“Don’t worry,” Tutu Lua told him, wiping her eyes. “Cold front’s coming. They got a big blizzard on the mainland. I saw it on the Weather Channel.”
That probably meant the daily high would drop from eighty-two to seventy-eight. Still, it was strange to think that a phenomenon as foreign as a snowstorm—in May!—could touch Libby’s life.
Jean stacked the plates with the efficiency of a person who’d started waiting tables before she could drive, toeing the door open on her way into the house. Libby shifted to peel her thighs off the seat, angling her arms away from her body to reduce the sweat.
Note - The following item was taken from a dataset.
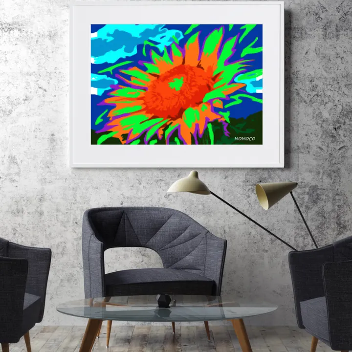 アーティスト -PROFILE- MOMOCO(モモコ) 「色」をこよなく愛する画家、ライブペインター。 躍動感あるアートにも関わらず、服を一切汚さず短時間で音楽と同時に描き上げる。そのパフォーマンスと巨大アートは観る人を魅了する。 前職は某有名ファッションブランドにてデザイナーとして活躍。その経験の中で養われた「色とデザイン」の絶妙なバランスを活かしつつ、トレンドを取り入れ進化し続けるアートを目指す!国内外問わず、精力的にアートと向き合い発信を続けている。 【作品について】 ビタミンカラーが目を引く!ポップなデザイン 眺めるだけで日々の活力になるような、そんな元気をもらえる素敵な作品 子供部屋や、キッズルームにもおすすめです 作品名:himawari Ⅱ 手法:デジタル、イラスト ペーパー:高品質半光沢紙 マットカラー:白 マット*:DXホワイト芯 100%バージンパルプ/PH7・中性紙(2mm厚) ※全てのアートにマットがつきます フレームカラー:黒、白、無垢(3種類から選択) ※マット付のため通常とはフレームサイズが異なる規格となります。 【マット*とは?】 アートポスターの周りに挟んだ厚紙の事。 マットを使わない時に比べ余白により広がりが生まれ、作品の新たな一面を引き出せ作品の見栄えがグッと良くなります。また、額縁のガラス面と作品が直接触れたままにしておくと、くっついて作品を傷つけることがあります。マットを使用することでガラスと作品の間に空間ができ、作品を保護することができます。ブランドコンセプトにより全てのアートにマットがつきます。 ー ファッションのようにアートを ー 私達が掲げるコンセプトです! 毎日着替えるファッションの様に、アートも気軽に飾り変えて欲しい... 一旦飾り終えたアートにも光を当ててほしい... ポスター単体、またはリピートで中身だけのポスターを購入された方に"専用のハンガー"をセットでお届け。 「今までに無い!新しいアートの飾り方を提案」 飾る事がなくなった前のアートをハンガーにかけて洋服と一緒にかけてもらう。 その日の気分や、モチベーションですぐに取り換えられる様に。 もちろん、魅せる収納としても今までにないおすすめの飾り方です。

Maybe they could walk over to the beach after this, to wash away the funk of the day.
“Uh, Libby,” Jean called from inside. “Can you come here a second?”
In the living room, her roommate was staring at the television, where a reporter in a fur-lined parka strained to make himself heard over howling winds, against a backdrop of pure white.
“The girl they’re talking about.” Jean’s voice was tight. “What did they say her name is?”
Libby squinted at the headlines crawling across the bottom of the screen. ROAD TO NOWHERE: EYEWITNESS DESCRIBES “TERRIFYING” WHITEOUT. SORORITY CAR WASH SUPPORTS MISSING COED: PICTURES AT 11. HAVE YOU SEEN HILDY? CALL THE 24-HOUR TIPLINE!
And finally: MEDIA HEIRESS HILDY JOHNSON MISSING IN WYOMING SNOWSTORM.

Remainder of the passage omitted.